[Records drawn from a dataset]

=== Section Start ===

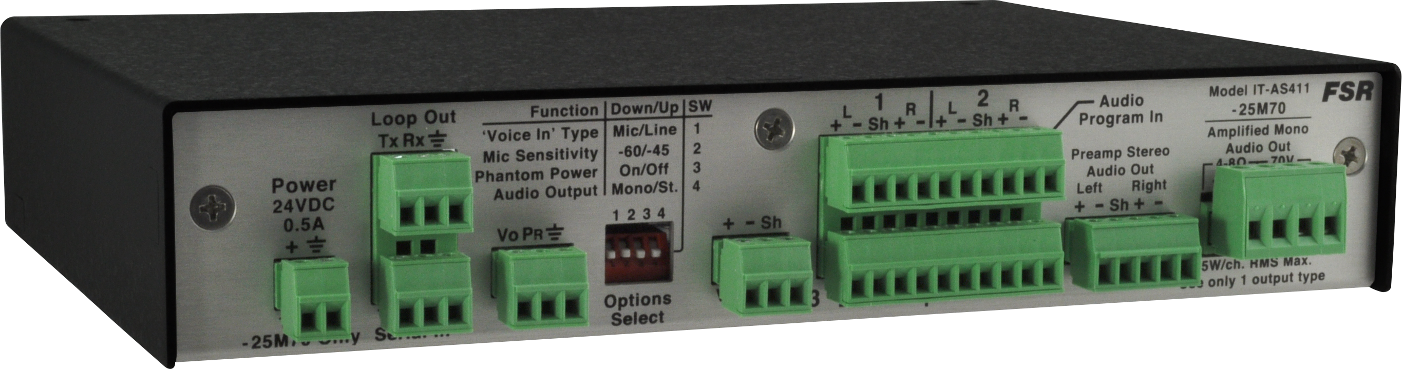 The IT-AS411 Series Audio Switchers are 4x1 audio switchers that have an extra mic/line level input for a voice lift system or direct microphone input. All models have four switched program audio inputs and an independent mic or line level input that is summed (mixed) with the selected active program audio.
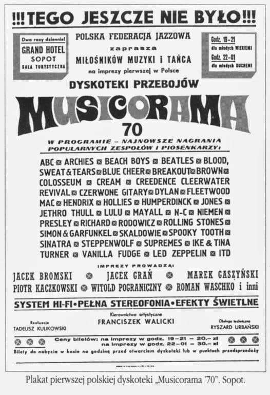Pierwsza profesjonalna dyskoteka w Polsce, Musicorama, ruszyła 18 lipca 1970 roku w sopockim Grand Hotelu. Zorganizował ją Franciszek Walicki, a didżejami byli m.in. Piotr Kaczkowski i inni znani prezenterzy radiowi. Choć grano na niej rock i soul, to właśnie dzięki niej Polacy po raz pierwszy zobaczyli stroboskop i mogli posłuchać najnowszej zachodniej muzyki. Ta pionierska impreza zapoczątkowała szaleństwo dyskotek, które szybko opanowało cały kraj.
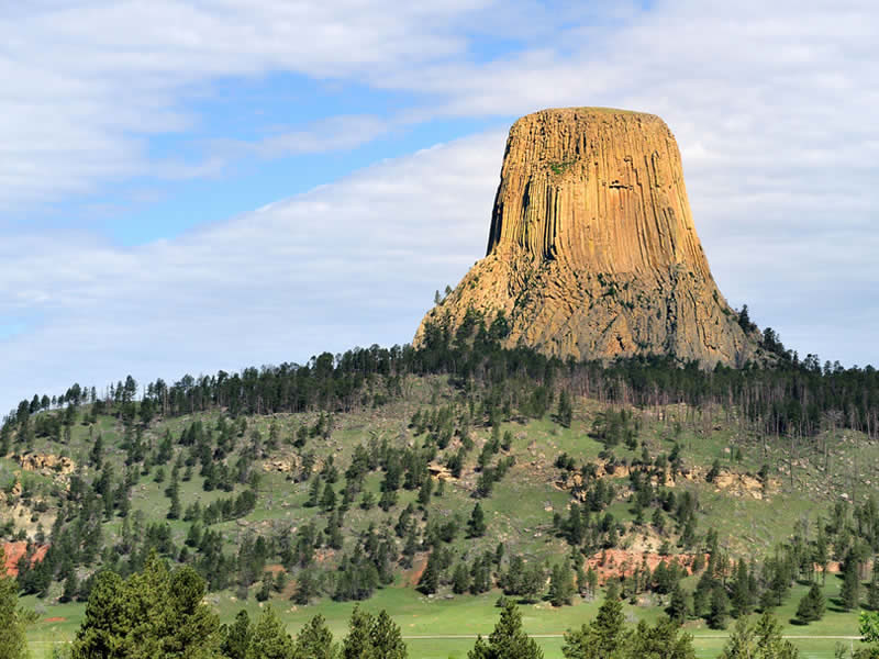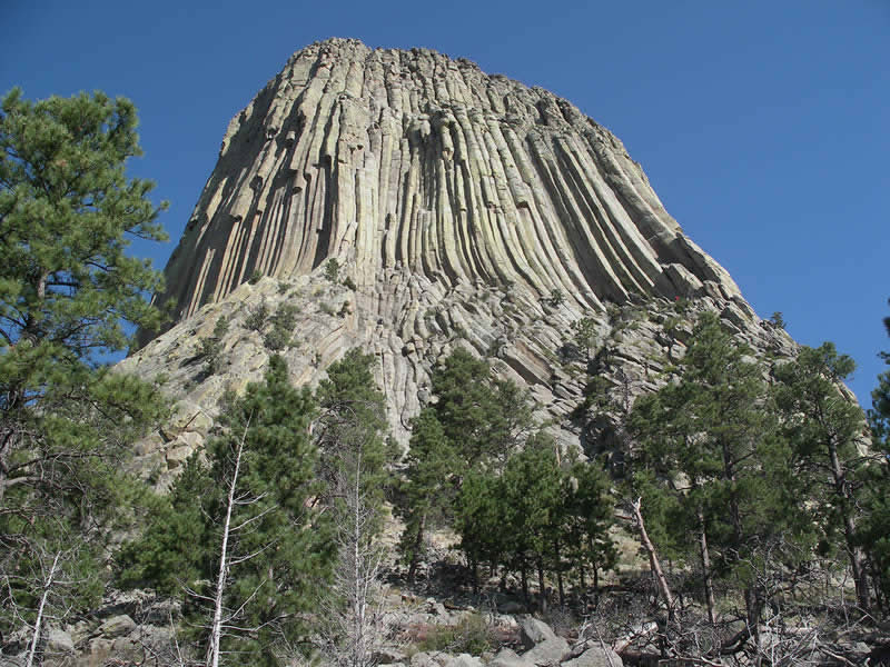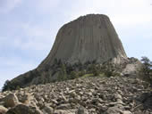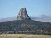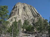 La volcanique tour du diable.Cet éperon volcanique de 400 mètres de haut est un monolithe qui se dresse depuis 65 millions d'années dans les Blacks Hills à coté de la River Belle Fourche, de quoi penser que cet endroit du Wyoming est bien habité par le Diable
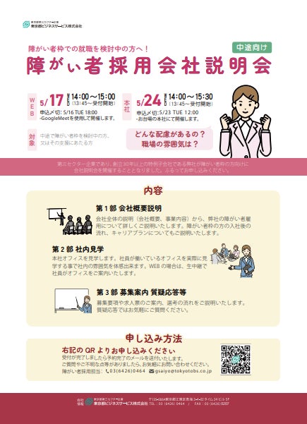 この度、東京都が出資する第三セクター企業である東京都ビジネスサービス株式会社(本社:東京都江東区、代表取締役社長:根津史明、以下「当社」)は、障がい者枠での就職を検討されている方を対象とした、5月度の会社説明会を開催することとなりましたので、お知らせいたします。
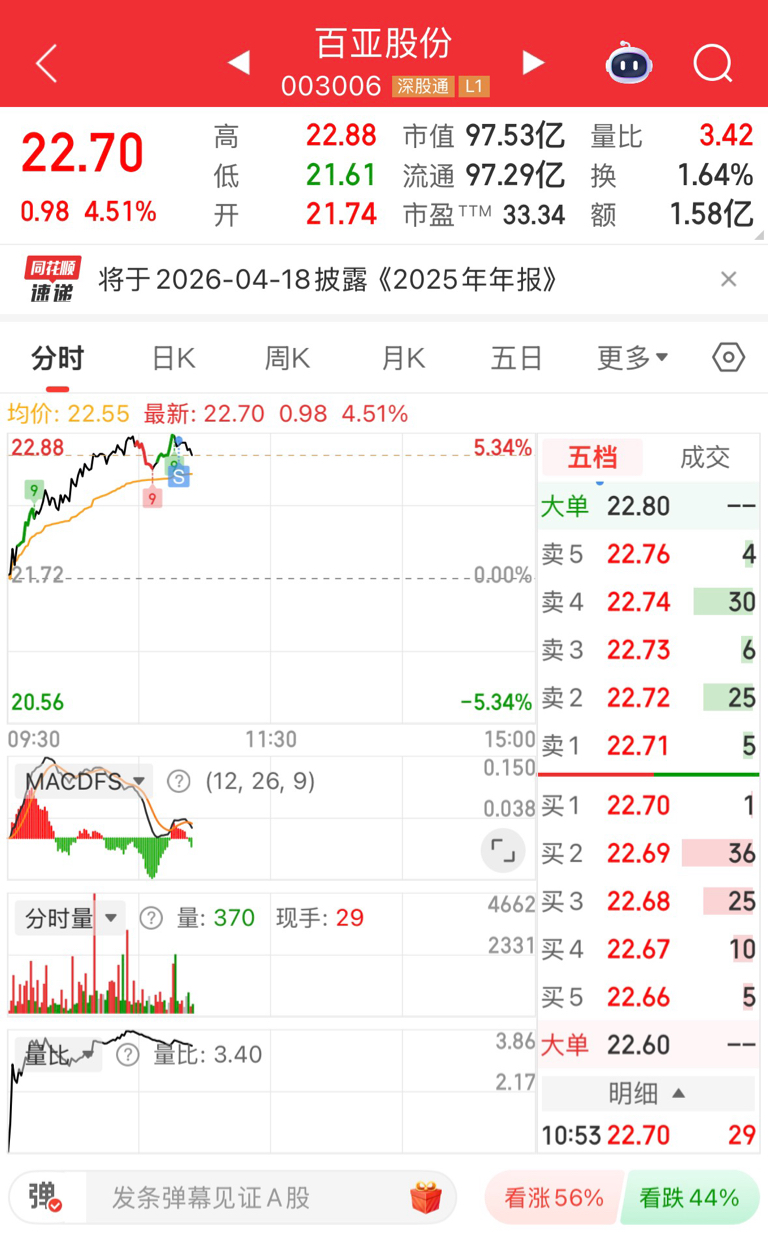 $百亚股份(SZ003006)$ 减仓了
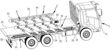本发明公开了用于钢筋混凝土管的随车式自动化运输装卸及安装设备,属于挂车运输设备技术领域。包括平板货车结构、往复直线驱动结构、调向回转电机、多级伸缩结构、定位安装结构、调节夹持结构、自适应调压结构;该系统能够通过在平板货车结构沿其前进方向的两侧分别设置定位安装结构,并分别经往复直线驱动结构、调向回转电机和多级伸缩结构调节定位安装结构的横纵向位置以及朝向,使得调节夹持结构和自适应调压结构能对应到达平板货车结构内部任意装运钢筋混凝土管的位置,并且能到达平板货车结构外部的位置,以此实现对平板货车结构内外部的钢筋混凝土管进行相互运输,进而完成对钢筋混凝土管在平板货车结构的装运、卸运及卸运后的安装过程。

=== Section End ===

(The problem)
Every record above should come back exactly, but without its pictures.

(Answer for the task)
 The IT-AS411 Series Audio Switchers are 4x1 audio switchers that have an extra mic/line level input for a voice lift system or direct microphone input. All models have four switched program audio inputs and an independent mic or line level input that is summed (mixed) with the selected active program audio.
Pierwsza profesjonalna dyskoteka w Polsce, Musicorama, ruszyła 18 lipca 1970 roku w sopockim Grand Hotelu. Zorganizował ją Franciszek Walicki, a didżejami byli m.in. Piotr Kaczkowski i inni znani prezenterzy radiowi. Choć grano na niej rock i soul, to właśnie dzięki niej Polacy po raz pierwszy zobaczyli stroboskop i mogli posłuchać najnowszej zachodniej muzyki. Ta pionierska impreza zapoczątkowała szaleństwo dyskotek, które szybko opanowało cały kraj.
 La volcanique tour du diable.Cet éperon volcanique de 400 mètres de haut est un monolithe qui se dresse depuis 65 millions d'années dans les Blacks Hills à coté de la River Belle Fourche, de quoi penser que cet endroit du Wyoming est bien habité par le Diable
 この度、東京都が出資する第三セクター企業である東京都ビジネスサービス株式会社(本社:東京都江東区、代表取締役社長:根津史明、以下「当社」)は、障がい者枠での就職を検討されている方を対象とした、5月度の会社説明会を開催することとなりましたので、お知らせいたします。
 $百亚股份(SZ003006)$ 减仓了
本发明公开了用于钢筋混凝土管的随车式自动化运输装卸及安装设备,属于挂车运输设备技术领域。包括平板货车结构、往复直线驱动结构、调向回转电机、多级伸缩结构、定位安装结构、调节夹持结构、自适应调压结构;该系统能够通过在平板货车结构沿其前进方向的两侧分别设置定位安装结构,并分别经往复直线驱动结构、调向回转电机和多级伸缩结构调节定位安装结构的横纵向位置以及朝向,使得调节夹持结构和自适应调压结构能对应到达平板货车结构内部任意装运钢筋混凝土管的位置,并且能到达平板货车结构外部的位置,以此实现对平板货车结构内外部的钢筋混凝土管进行相互运输,进而完成对钢筋混凝土管在平板货车结构的装运、卸运及卸运后的安装过程。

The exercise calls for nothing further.